Python- bytes, str, and unicode

10 Aug 2017

[ python  str  unicode  bytes  ]

The following is taken from: “Effective Python: 59 Specific Ways to Write Better Python” by Brett Slatkin. I highly recommend this book.

In Python 3, there are two types that represent sequences of characters: bytes and str. Instances of bytes contain raw 8-bit values. Instances of str contain Unicode characters.

In Python 2, there are two types that represent sequences of characters: str and unicode. In contrast to Python 3, instances of str contain raw 8-bit values. Instances of unicode contain Unicode characters.

… continuing…

You’ll often need two helper functions to convert between these two cases and to ensure that the type of input values matches your code’s expectations.
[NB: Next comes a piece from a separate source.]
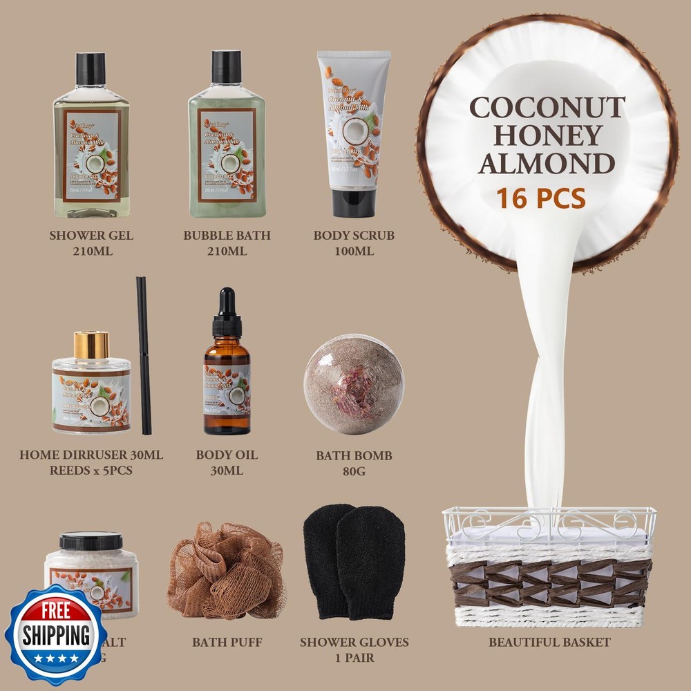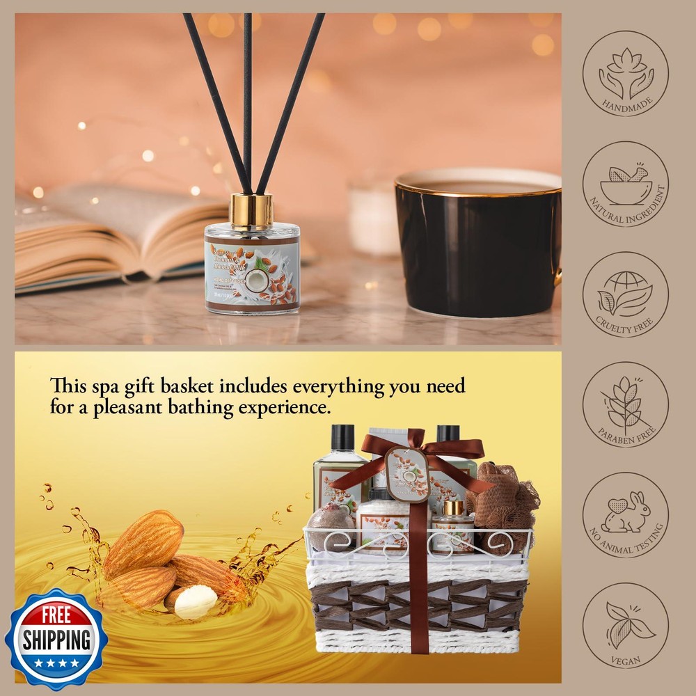 Fathers Day Gifts for Men for Dad Bath and Body Gift Basket For Women and Men Spa Gift Basket Coconut Almond 16 Pcs Bath Gift Set With Fragrant Lotion, Home Spa Luxurious Bath Body Oil, Diffuser and More Features [ Pamper Yourself 16pcs bath gifts for Man & Women ] Our Bath Spa Kit Including: Shower gel, Bubble bath, Bath and Body Jojoba oil, Body Scrub, Bath Spa Salt, 1 pair of Bath Shower Gloves for washing skin, Bath Fizzer Bomb, 5 Pieces Reed Sticks, Foam Bath Puff, Home Fragrance Diffuser, Packaged in a Nice Natural Beautiful Storage Wire Hand-made Basket. Bath Sets for Women & Men Gift 16pcs - Reward the special People in your life with this gift-ready pamper set. Mother's & Father's day gift basket [ Bath and Body Gift Box for Women & Men Gift of Relax Bath time ] The Shower Set Are All Formulated with Soothing Shea Butter and Scented of Sweet Almomd & Warm Coconut Scents, Enriched in Coconut oil, and Lavender Oil to Protect Your Skin.The Moisturizing Essential Oil Can Hydrating & Protecting Your Body. Also Home Reed Diffuser Creating a Soothing & Coming Home Long- lasts Fragrance.Put The Home Reed Diffuser Set Fragrance Diffuser At Your Bedside, Which Can Not Only Effectively Purify The Air [ Best Luxury Honey Almond & Coconut Body Wash Spa Set ] bath gift set for women and mens No need to wrap as it is ready to gift. Cool Off With This Honey Almond-Scented Bath Gift Set From Fresh And Warm, Which Also Has Shea Butter And Vitamins C To Help Nourish The Skin. A Perfect Basket Also Gives It Major Gifting Appeal. Our Bath Salts & Shower Bath Bomb Scents Make For The Perfect At-Home Pampering Essentials. Our Bath Spa Kit is a Wonderful present, Can Be Given To Your Precious People, They Can Be Opened, Which Can Bring Better Fragrance, And Look More Atmospheric And Beautiful [ Ideal Gift Sets spa gift baskets for women and men ] Great Gift Baskets For Men Or Women On Valentine'S Day, Mother'S Day, Father'S Day, Anniversary, Birthday, Christmas.Suit For Any Occasion,Wedding, Birthday, Christmas,Holidays, Housewarming, Congratulations, Get Well, Graduation, Love & Romance, Retirement, Seasonal, Sports Fan, Spring, Thank You gifts, Easter Basket for Women. Everyone Would Love It.Baskets Are Beautiful And Reusable! It Can Be Placed In The Bathroom, Used As A Storage Basket, Or Used As A Picnic Basket. Mother's Day Gift for Mom [ Bath Sets spa kit for women gift set] We All Love To Enjoy A Relax Spa,It Can Be A Romantic Bath Gift Kit It Delivers The Gift Of A Luxurious Spa Experience At Home To The One You Love. Our Fantastic Spa Self Care Kit for Women Contains Everything You Need To Create The Perfect Evening. Bring a smile to your Girlfriend, Boyfriend, Husband, Wife, Father, Mother, Daughter, Son or Beloved Ones. It is the Ultimate Gifts for women and men Shipping Free & Fast Shipping: We offer free shipping to most of the USA with a normal delivery time of 3-7 days. However, due to the current situation, additional delivery time (up to 3 weeks) may be required for some items. Alternative Carriers: We may use alternative carriers (e.g., USPS, FedEx, UPS) to ensure your package arrives safely and on time. Due to the use of multiple carriers, we are unable to provide a tracking number automatically. Handling Time: Orders are processed and shipped within 1-2 business days of receiving cleared payment. Shipping Restrictions: Shipping to Alaska, Hawaii, Puerto Rico, Guam, and other US territories may incur shipping charges or delivery restrictions. Please contact us before ordering, or your order can be refunded/cancelled. State Restrictions: Certain items may not be shipped to California due to state regulations. Contact for Tracking Updates: If you require tracking updates or have any concerns about the delivery of your order, please feel free to contact us, and we will be happy to assist you. Return Policy 30-Day Hassle-Free Returns: If you are not completely satisfied with your purchase, you can return the item for free within 30 days of receiving it for a full refund or exchange. Easy Return Process: Contact us, and we will provide you with a prepaid return shipping label and detailed instructions. No Restocking Fee: There are no restocking fees for returns. However, the buyer is responsible for return shipping costs if the return is not due to a seller"s error. Refund Processing: Refunds will be processed within 1 business day of receiving the returned item in its original condition. Feedback Your feedback is extremely important to us. We strive to provide the best products and customer service possible. If you are satisfied with your purchase, please take a moment to leave us a positive review. If you have any concerns or issues with your order, please contact us before leaving negative feedback. We are committed to resolving any problems and ensuring your satisfaction. Contact Us If you have any questions or concerns, please feel free to reach out to our customer support team. You can contact us through the eBay messaging system. We are available Monday to Friday, 9:00 am to 5:00 pm EST, and we will do our best to respond to your inquiry within 24 hours. Thank you for supporting our small family business!

In Python 3, you’ll need one method that takes a str or bytes and always returns a str:

# Example 1 for python3
def to_bytes(bytes_or_str):
	if isinstance(bytes_or_str, str):
		value = bytes_or_str.encode('utf-8')
	else:
		value = bytes_or_str
	return value  # Instance of bytes

You’ll need another method that takes a str or bytes and always returns a bytes:

  # Example 2 for python3
def to_bytes(bytes_or_str):
	if isinstance(bytes_or_str, str):
		value = bytes_or_str.encode('utf-8')
	else:
		value = bytes_or_str
	return value  # Instance of bytes

In Python 2, you’ll need one method that takes a str or unicode and always returns a unicode:

  # Example 3 for python2
  def to_unicode(unicode_or_str):
	if isinstance(unicode_or_str, str):
		value = unicode_or_str.decode('utf-8')
	else:
		value = unicode_or_str
	return value  # Instance of unicode

You’ll need another method that takes str or unicode and always returns a str:

  # example 4 for python2
def to_str(unicode_or_str):
	if isinstance(unicode_or_str, unicode):
		value = unicode_or_str.encode('utf-8')
	else:
		value = unicode_or_str
	return value  # Instance of str